First two photos are of today's yarn, on and off the spindal. The last photo is of yesterday's yarn that I spun on a pencil while I was waiting for my first drop spindal to arrive. I plied it on the spindal once it arrived though. I haven't washed them since it seems like too much effort for a first attempt that I'm not gonna make anything out of.

The fiber I am using is meant for needle felting (we just we had it laying around). It's sort of scratchy and maybe seems to have a short staple length, although idk what is considered short, it's like 2 to 2.5 inches. It took a little preparation to not be super difficult to work with.
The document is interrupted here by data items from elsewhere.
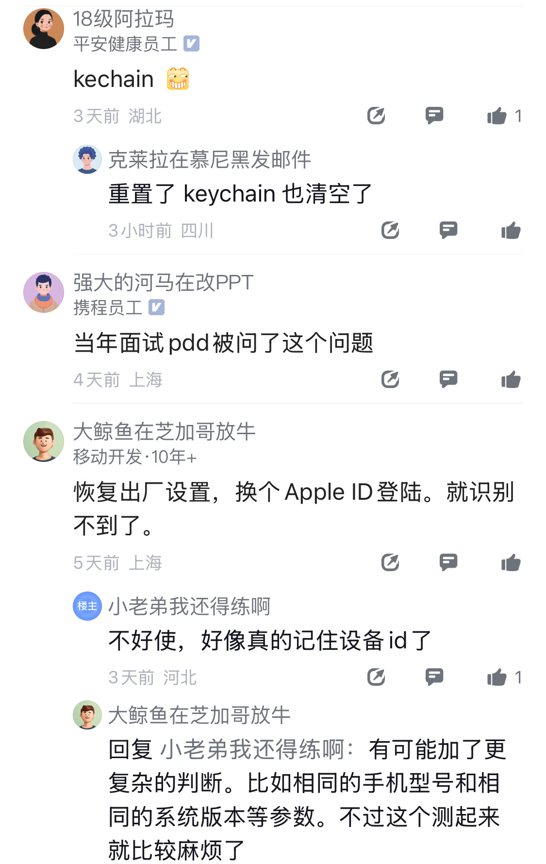 有网友问,拼多多是怎么识别设备唯一性的?iPhone都还原重置了,怎么还能知道该手机之前下过单买过百亿补贴设备。看了一眼评论区,有不少从专业角度分析的,但好像没人能说到点上。不得不说,拼多多开发有点东西的。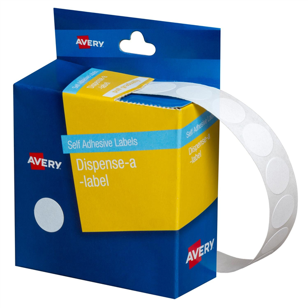 Avery Dispenser Dot Stickers 14mm Diameter White 1200 Pack (Sold as Each, 5 in a Box) Adelaide Direct Stationers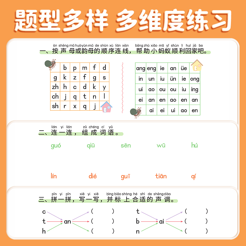 斗半匠拼音自然拼读拼音拼读训练幼小衔接音频朗读拼音练习彩图字词注音幼升小每日一练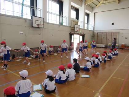 ペア学年やたてわり学年のグループでも交流がある2年生に、丁寧に教える姿も見られました。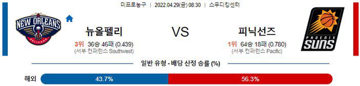 데빈 부커의 이탈 공백을 메우는 플랜B가 자리를 잡아가기 시작한 피닉스의 경기력이 나온 상황. 원정경기 일정이지만 정규시즌 64승을 기록하며 구단 역대 최다승 기록을 갈아치운 피닉스가 패스게임을 통해서 찬스를 만드는 능력과 기본적인 수비력에서 뉴올리언즈 보다 우위에 있는 전력 이라고 생각된다. 피닉스 승리 가능성을 추천 한다.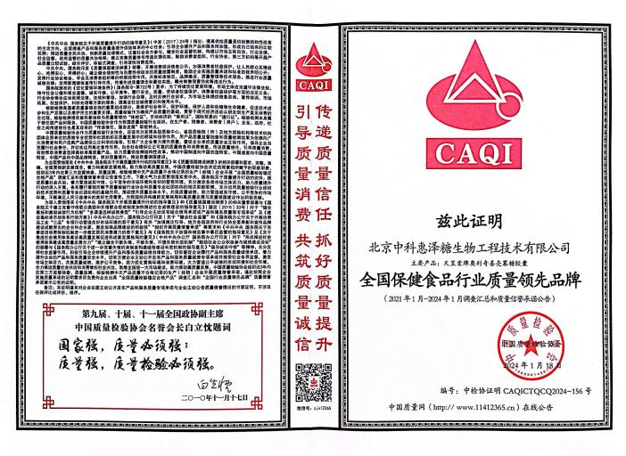 2024年“3·15”主題活動期間,中國質(zhì)量檢驗協(xié)會向北京中科惠澤糖生物工程技術(shù)有限公司頒發(fā)了“全國產(chǎn)品和服務質(zhì)量誠信示范企業(yè)”、“ 全國保健食品行業(yè)質(zhì)量領(lǐng)先品牌”兩項榮譽證書,這是中科惠澤公司連續(xù)13年獲此殊榮。紅彤彤的榮譽證書,是對中科惠澤24年來誠信經(jīng)營,堅持高質(zhì)量發(fā)展,不斷提升廣大消費者信心的高度贊譽和肯定。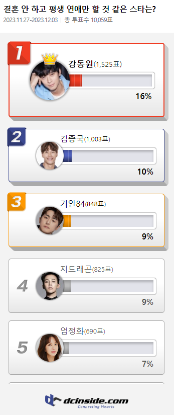 커뮤니티 포털사이트 디시인사이드(대표 김유식)가 `결혼 안 하고 평생 연애만 할 것 같은 스타는?`으로 투표를 한 결과 강동원이 1위에 올랐다. 이 투표는 11월 27일부터 12월 3일까지 총 7일간 진행했다.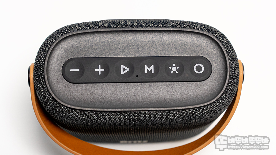 상단에 위치한 메인 컨트롤 구성은 큰 원형 디자인의 직관적인 도형이 각인된 버튼 방식으로 +, - 버튼은 짧게 볼륨, 길게 트랙이동, ▶ 버튼은 재생, 일시정지, M 버튼은 입력 모드 변경, LED 무드등 버튼은 짧게 LED On/효과 변경, 길게 LED Off, 그리고 전원 버튼으로 구성되어 있습니다.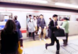Royalty-Free photo of People getting off a subway train in Tokyo, Japan. Abstract out-of-focus photo. Photo by Oleksiy Maksymenko. This image is available for licensing for a variety of editorial and commercial uses in publications, designs, print and online.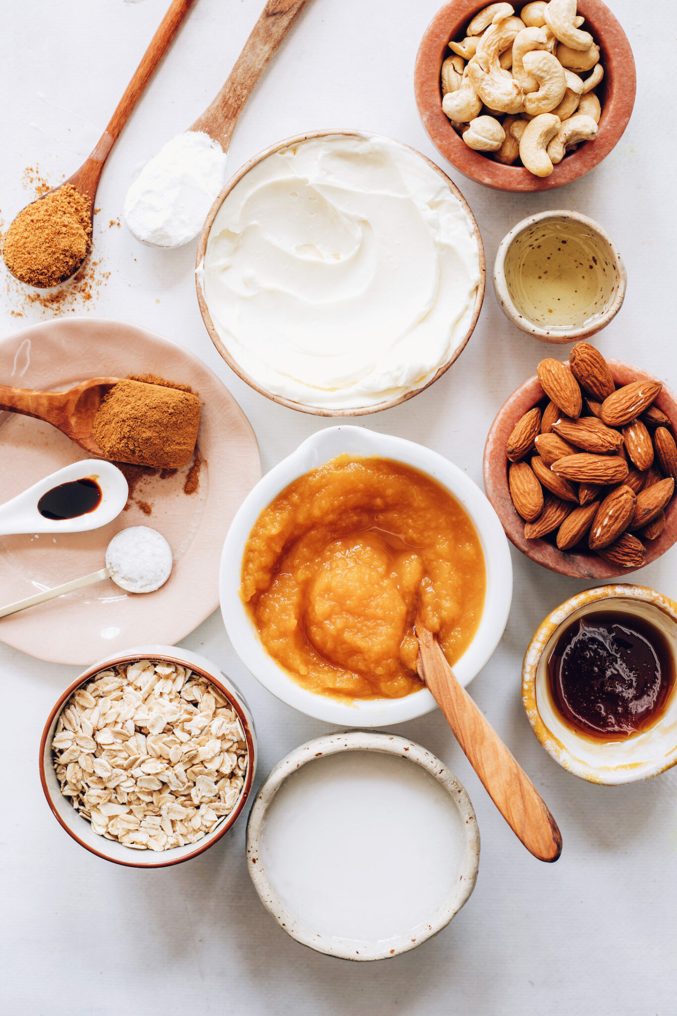 Barrette di cheesecake cremose, sognanti e decadenti infuse con spezie di zucca. A base vegetale, senza glutine e basta 1 frullatore!

My first attempt was with the fiber as is but the second time my partner (who is learning to spin at the same time as me! :D) suggested we sort of tear it apart and smoosh it back together into a thin log with the fibers facing the same direction, and that helped us a lot but it has still been a difficult learning process, but I suppose that's to be expected on day one learning a new thing.

We've got some cheap hand carders coming in the mail soon and we have sooo much of this fiber, so I'm hoping we can make it more manageable as we have so much of it and it would be good to use before spending more money (although I would really like some nicer fiber, I feel like I should "earn" it lol)

If anyone wants to give me any tips, that would be so appreciated. I'm having fun so far but it's much more difficult than I had anticipated! Thank you for reading.